Leek With Olive Oil

Leek With Olive Oil | giverecipe.com

Leek is one of the vegetables that many children hate eating. In Turkey, moms struggle a lot to have their children eat it. There becomes an invisible fight between moms and children and the winner of the fight depends on moms’ different kinds of methods. Some moms threaten them to tell their father that they don’t eat leek. Some remind their children of poor people who can not find any food. Some make leeks talk to their children, leeks say that they feel so sorry when they are refused and they ask crying why children don’t love them. You decide which method is more effective.

You may ask the method of my mom. I think she was luckier as we had some vegetables in our garden including leeks and she used to take me with her to pick some leeks. She used to love the vegetables she grew with dad so much that she used to pick all vegetables by flattering and talking to them. As a child I thought that these vegetables were like members of our family, so never refused eating it. And I understood how delicious it is when I grew older, it’s one of my favorite dishes now. Most children feels the same when they grow, but of course there may be some stubborn ones.

Olive oil is the key point of this dish. If you have the chance of finding natural olive oil, it becomes more tasty. It is served  cold or warm (but not hot) as a main dish or a side dish/appetizer.

Zeytinyagli Pirasa

-4 leeks
-1 carrot
-1 lemon, squeezed
-1tsp salt
-1tsp sugar (or one cube sugar)
-1/4 cup rice, washed
-1/4 cup water
-1/3 cup olive oil

Some people also add onion, but as leek itself is coming from onion family, I think making it without onion is better.

Cut the tops of the leek and wash them well. Cut them into diagonal slices. Set them aside.

Peel the carrot and cut it vertically into four pieces, then slice them as big as a half finger.

Put half of the olive oil in a pot and saute the carrot slices first. Add sugar and then the leeks. Stir them well and add the lemon juice and cover the pan. Cook it over medium heat for 15 minutes and then add rice, water and salt in it. Bring the heat to the lowest and cook it until the rice cooks. After it is cooked, let it cool in the pan. And finally drizzle the rest of the olive oil on it before serving. This is another important tip; when you add some raw olive oil before serving, all the dishes with olive oil tastes even better.

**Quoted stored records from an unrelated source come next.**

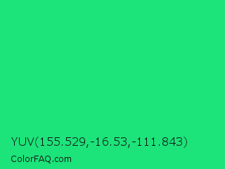 YUV 155.529,-16.53,-111.843 Color is a normal green color and the nearest color is UFO Green #3cd070. Hex code #1ce37a and RGB value is rgb(28,227,122). In RGB color space, this color is composed of 11% red, 89% green, 48% blue, In CMYK color space, this color is composed of 88% cyan, 0% magenta, 46% yellow , 11% black , In HSL color space, this color has a hue angle of 148° , 78% saturation and 50% lightness.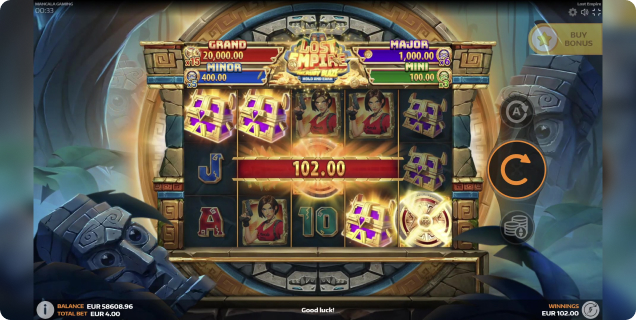 The adventure begins with a mysterious map, a crumbling temple, and whispers of untold riches. Lost Empire: Featuring Ruby Blaze invites players to join daring adventurer Ruby Blaze on her first great expedition — a quest to uncover the hidden jackpots sealed within ancient stone vaults.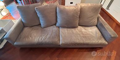 Marca: Poltrona Frau Modello: Massimo Sistema Colore: Tortora Materiale: Pelle di alta qualità con imbottitura in piuma d’oca da poco rifatta. Design: Presenta cuscini di seduta e schienale ampi e imbottiti che ne enfatizzano la morbidezza, con una cucitura a due aghi che aggiunge un dettaglio prezioso. L.230 P.95 H.85 cm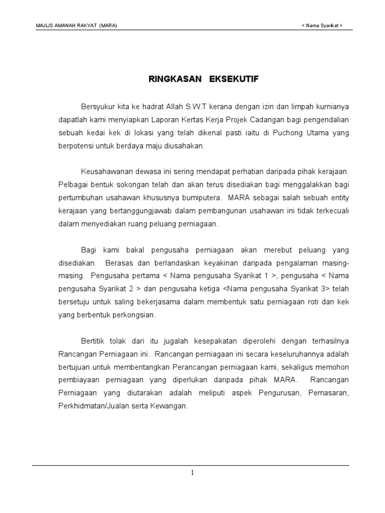 Contoh Kertas Kerja Rancangan Perniagaan 2017 Prettycore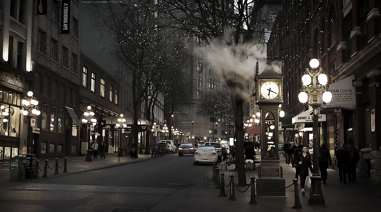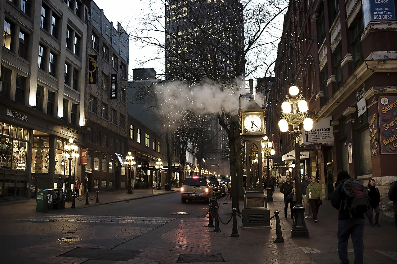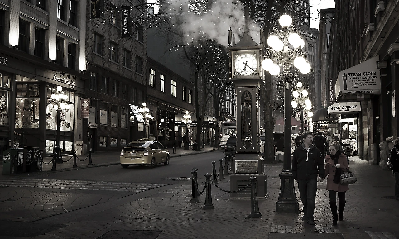 두둥!!!! 일제히 가로등불이 켜졌는데!! 와우 +.+ 정말 예쁘고 내가 찾던 장면들이었다!!.. 난 다시 돌아 길을 걸었고 증기시계가 있는 곳으로 다시 돌아왔다 근데 아까 초저녁 때 봤을 때랑은 느낌이 너무너무 나 틀리고 정말 예뻤다.. 뭔가 분위기가~ 움.. 말로 표현을 못하겠네..?? 암튼 너무 좋아 사진을 사정없이 찍어댔다.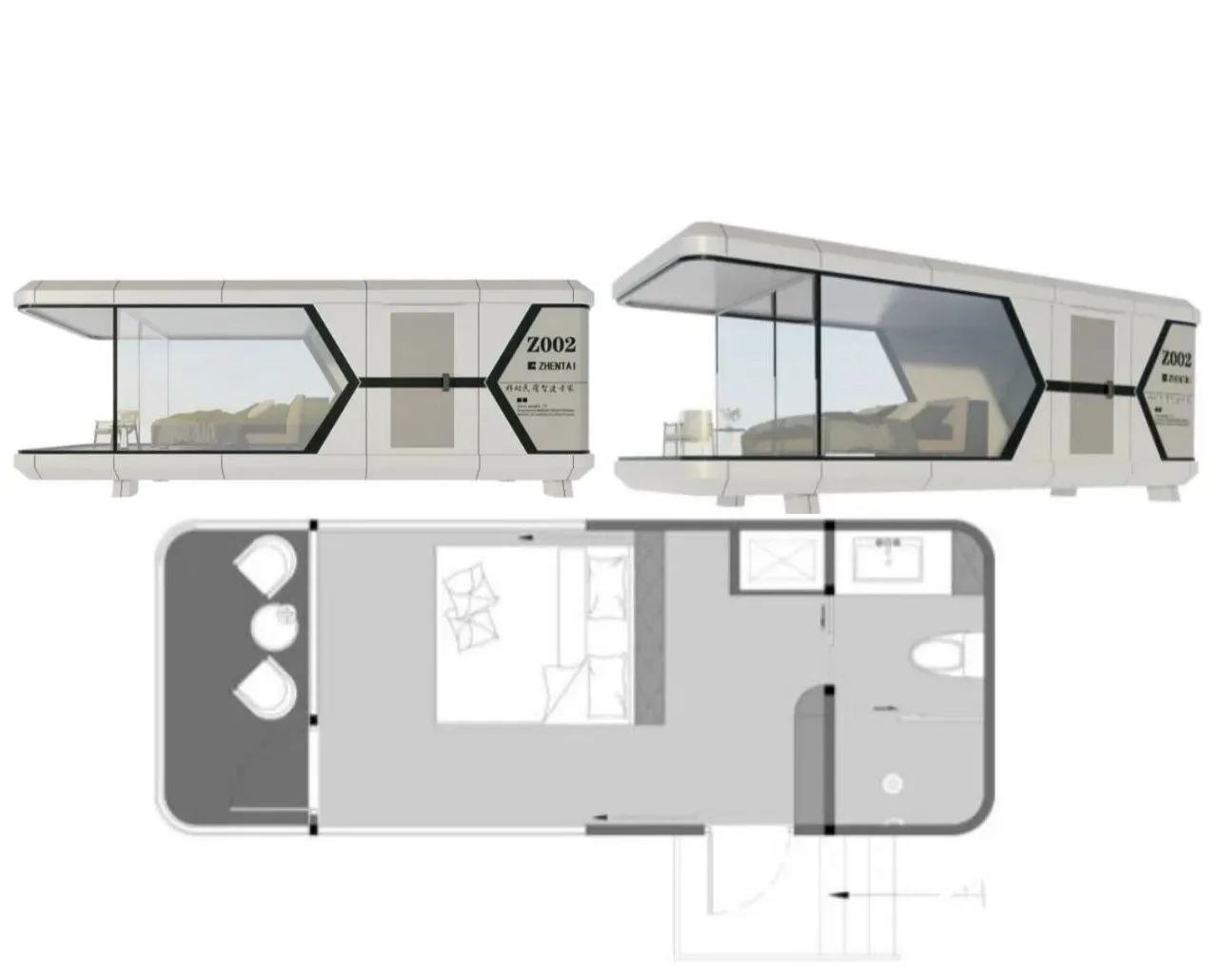 MODLE : MOBILE CABINE Z02, Size: L8500mm, W3300mm, H3300mm, Area: 28.05m², Weight: 7TON MAJOR:- structure steel-frame construction, Aluminium veneer housing(2.5 thick aluminumveneer), The shell is filled with thermal insulation, Exteriorglass(Tempered insulating glass), skylight glass(laminated glass), Superior entry door(Intelligent door lock), Outdoor ambient light belt(waterproof), Load bearing support foot brace INDOOR SWITCH GEAR:- Composite wood-plastic flooring/Bamboo and wood fiber integrated ceiling/shingle/Indoor smart light with down light/Indoor smart blackout curtains/Electric sunshade for sunroof/socket panel(Brand switch panel)/Bathroom advanced carbon fiber board interior wall/Bathroom advanced non-slip tile floor BATHROOM HARDWARE:- Bathroom brand basin/smart mirror/bibcock/sprinkler/floor drain/commodity shelf /Bathroom lighting ventilation heating three-in-one bath bully/Toilet brand smart toilet EQUIPMENT:- 2p air conditioner(on-hook)/water heater(60L)/Intelligent voice control system/Electric curtain intelligent control system/insert card for power/ake the card power off control system {Shipment details: we do And the house shipped by sea, Product price and shipping cost may fluctuate due to market demand /season/weather. Product time within 15 days, shipment time on the sea 30 days, so total within 50 days}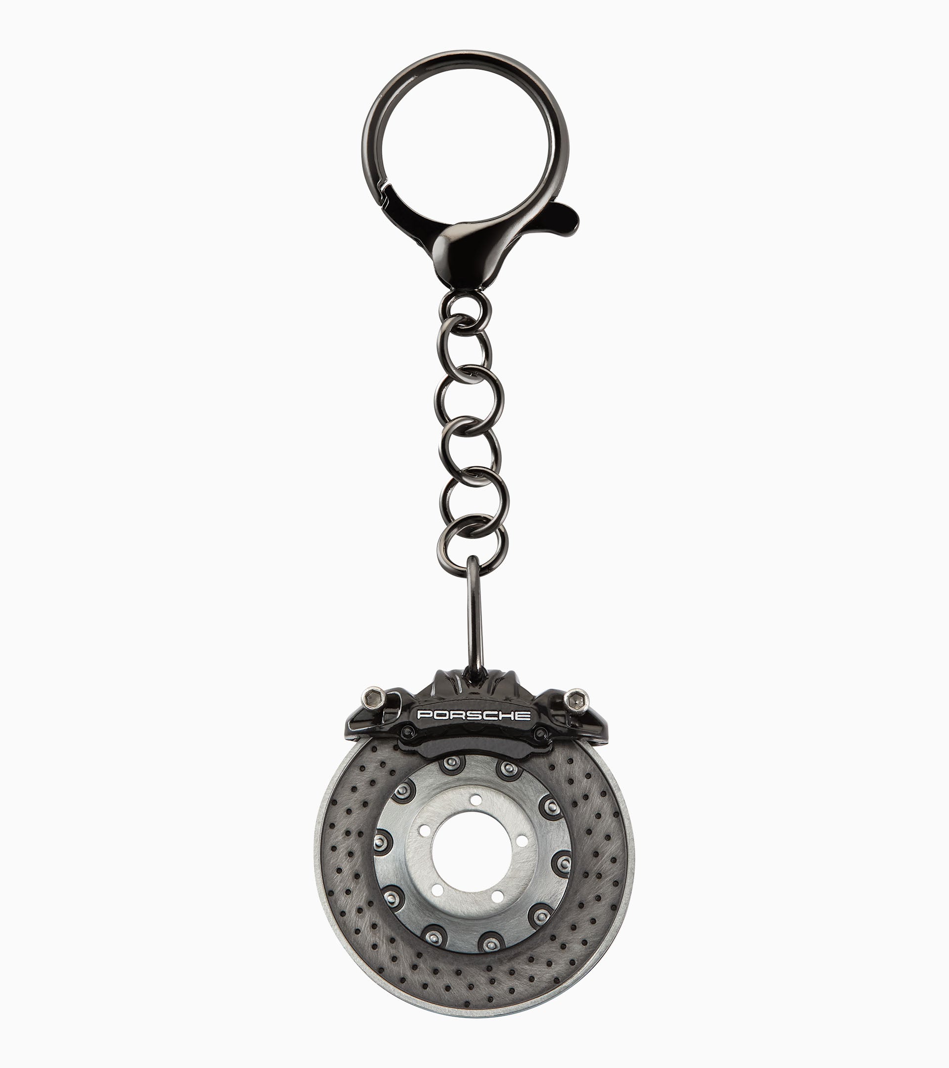 Design, that's guaranteed to keep the pace: Porsche key ring in a faithful replica of a brake disc. The brake disc is rotatable and compatible with all Porsche vehicle keys. Ø 3.5 cm. Made in Germany.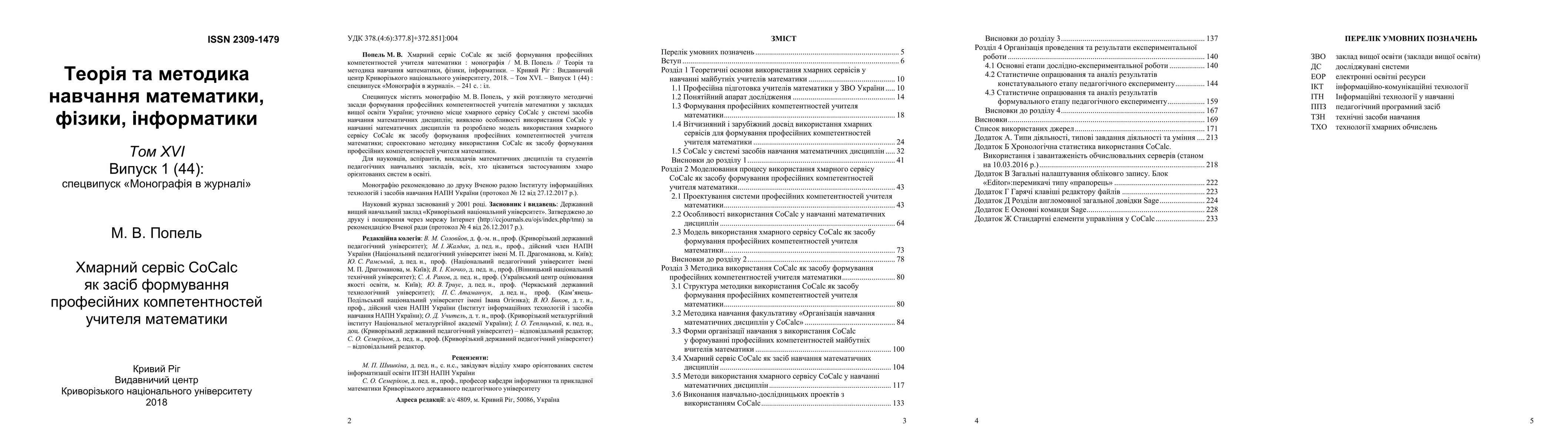 The special issue contains a monograph by M. Popel, in which the methodical foundations of the formation of professional competences of mathematics teachers in institutions of higher education of Ukraine are considered; the place of cloud service CoCalc in the system of teaching mathematical disciplines is specified; the features of CoCalc use in teaching mathematical disciplines were discovered and the model of use of cloud service CoCalc as a means of formation of professional competences of mathematics teacher was developed; The method of using CoCalc as a means of forming the professional competencies of the mathematics teacher is designed. For scientists, postgraduates, teachers of mathematical disciplines and students of pedagogical educational institutions, all who are interested in the application of cloud-oriented systems in education.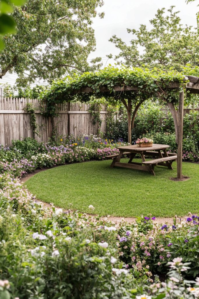 A cozy country-style garden centered around a circular lawn, framed by weathered wooden fencing and overflowing flower borders. A rustic picnic table sits beneath a vine-draped pergola, creating an inviting space for outdoor gatherings. Pair with galvanized planters, a wooden wheelbarrow, and soft linen cushions for added charm.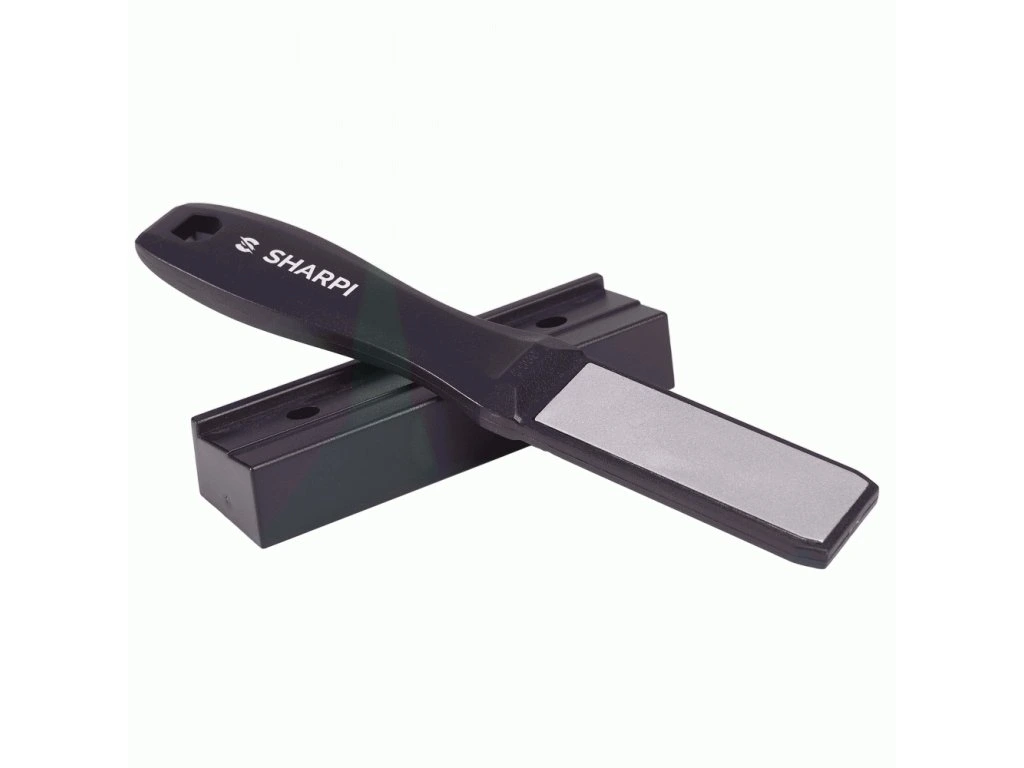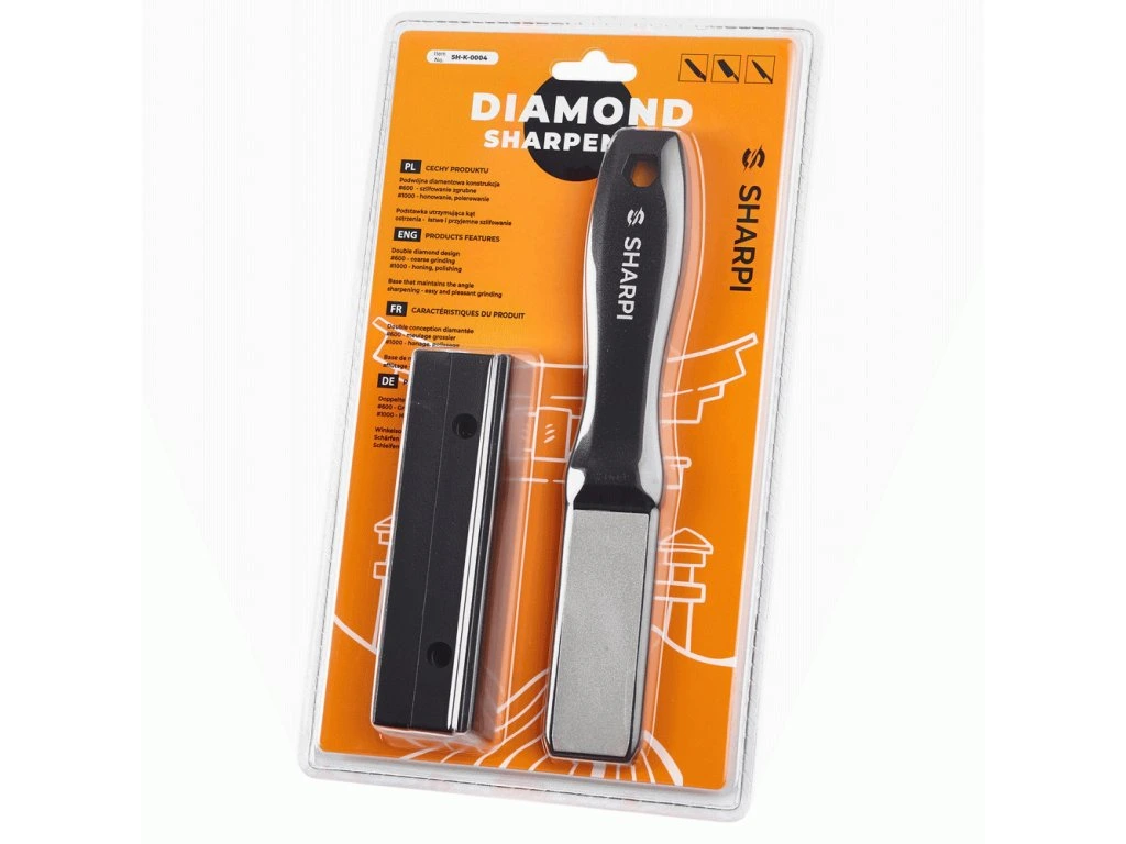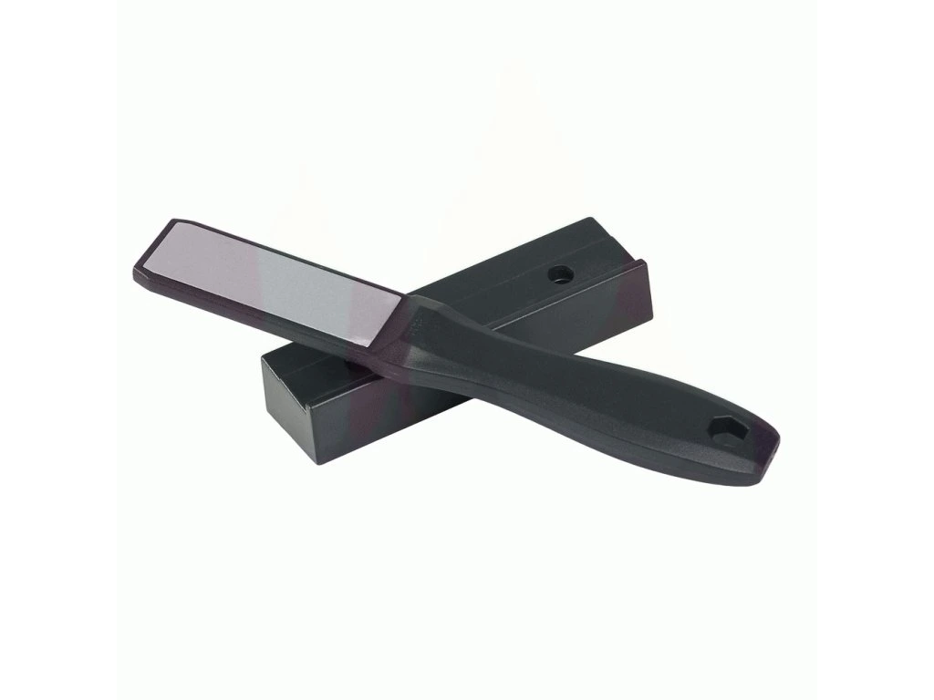 Ruční diamantová bruska na kuchyňské nože. Střední a jemný stupeň broušení (zrnitost 600/1000) je vhodný pro všechny nože s tvrdostí do 65 HRC. Ergonomický držák poskytuje snazší kontrolu během broušení.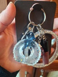 portachiavi In Resina Con ciondoli di varie forme e mini lucidalabbra. potrebbe presentare lievi difetti essendo fatto a mano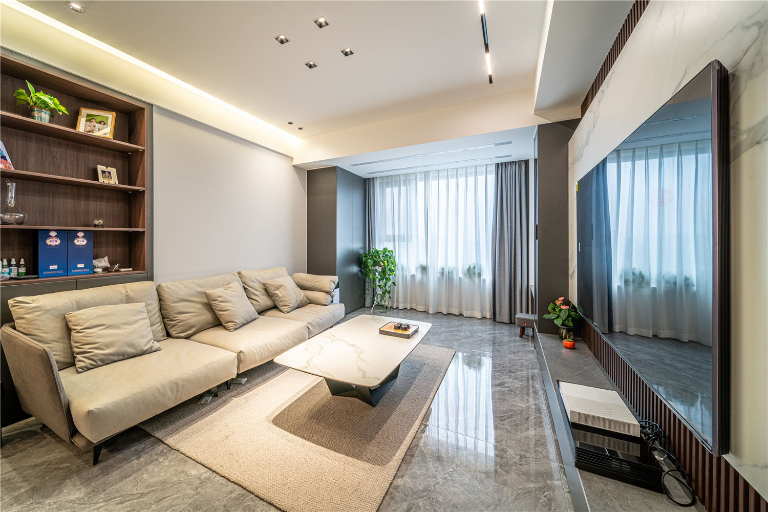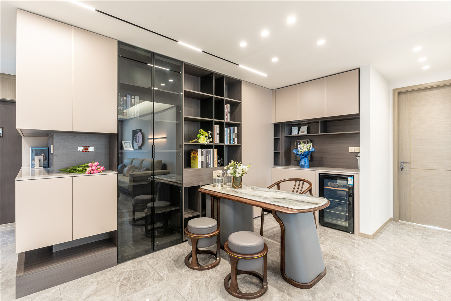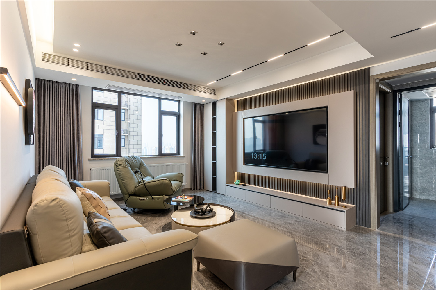 帶有灰色暗紋處理的大理石墻壁簡約而又不失高級感,在無形中提升家居品質感。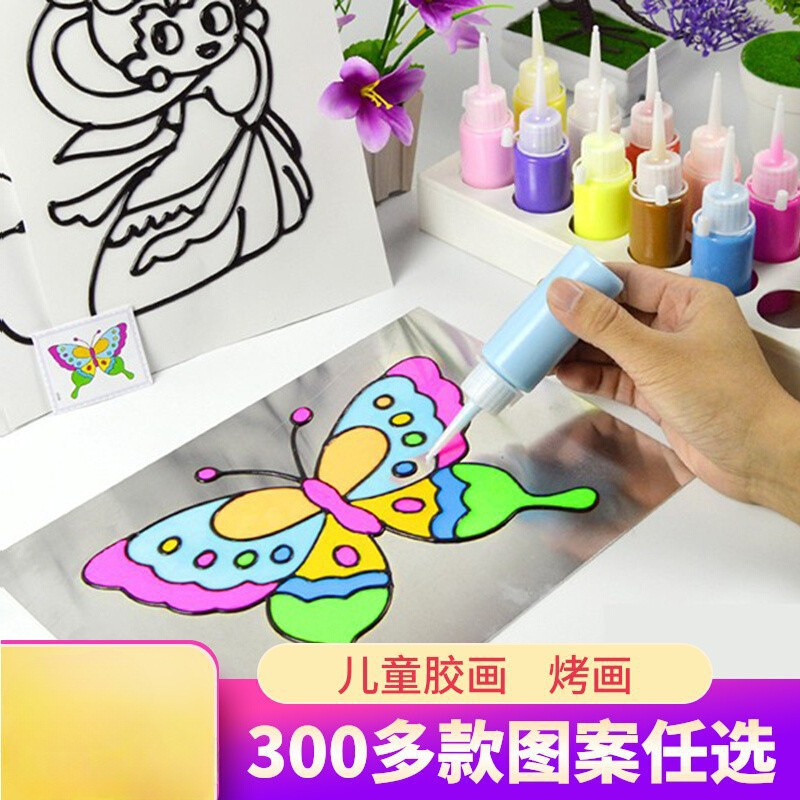 子供用ノーベイクガラス接着剤絵画立体ベイクド絵画セットDIY手描き軟膏顔料ステッカー作成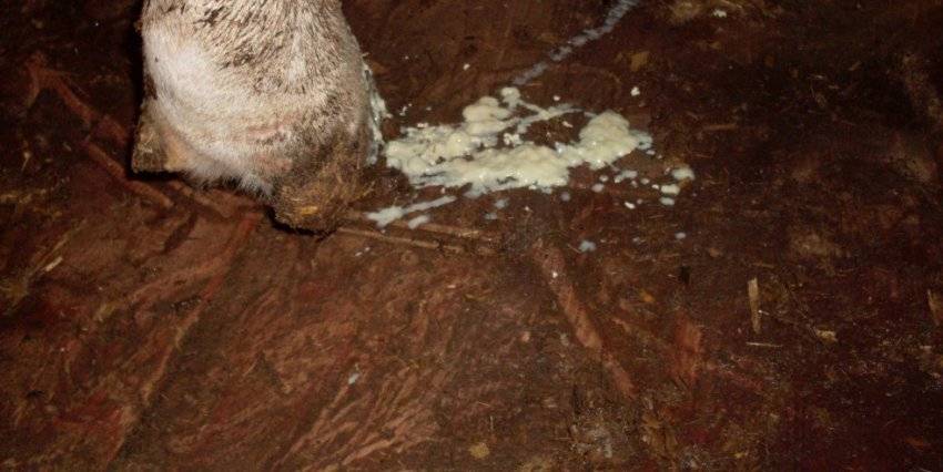 - В районе половых органов, а также в месте содержания коровы заметны серые засохшие корочки.

Leek With Olive Oil | giverecipe.com

Mom And Child Leeks

The child leek comes home with a big disappointment and tells her mom that she doesn’t want to go out any more. It is her first day at school and she’s learnt that children don’t like leeks. It is a shocking reality for her as she’s always dreamed of meeting some human friends and presenting its taste to them.

When the mom leek sees her daughter at the garden gate with a down face, she decides to ask some help from her. She wants her daughter to forget her sadness for a while. While they are hanging the washed clothes together, she tells her daughter that all children will love them if they are cooked right. (drawing by mom)


  1. sarah says

    I used to never use leeks but now I use them when making leek fritters, another tasty dish

  2. says

    I love leeks. My kids, aren’t thrilled with things that are oniony, but they’ll eat them for me anyway. The older they get, the easier it gets.

  3. says

    They sound delicious with rice! What a cute picture! Growing a garden with kids is such a great way to get them to eat their veggies!

  4. says

    I love leeks – now, but growing up we did not have them very often. I love the story of the mother and child leeks you shared.

  5. says

    What a wonderful little story and drawing! Of all the strategies you listed above, your mother’s is the best one – introducing you to vegetables so that you know where they come from and don’t become suspicious of them. I hated vegetables (really) as a child but have grown to love them as an adult and I’m still discovering so many that I’ve never tried before. I’ve had leeks in soups or used as one ingredient in a larger dish but this would be the first where it’s the center of attention. Your recipe looks easy and delicious and something I will definitely try!

  6. says

    That’s a really cute little cartoon! It makes sense that kids who are helping in the garden are less reluctant to eat their vegetables than kids who don’t, although I have to say that I haven’t found the vegetable my little nephew won’t eat yet. He actually turns down sweets in favor of more broccoli!

  7. says

    Ya know, I don’t get enough leeks into my diet. Maybe it’s time for a change. Starting with this recipe.

  8. says

    Luckily, I’ve never had any problem eating leeks, so I know I’d like the leeks with carrot and rice – and I just love the cartoon, very sweet.

  9. Louis says

    Hi Zerrin,

    I have done your recipe quite a few times now. It is one of my favourites. :-)

    Thank you for posting it.

    • says

      Glad to hear that Louis! It is one of our favorites in winter too. Also thanks for sharing your comment here!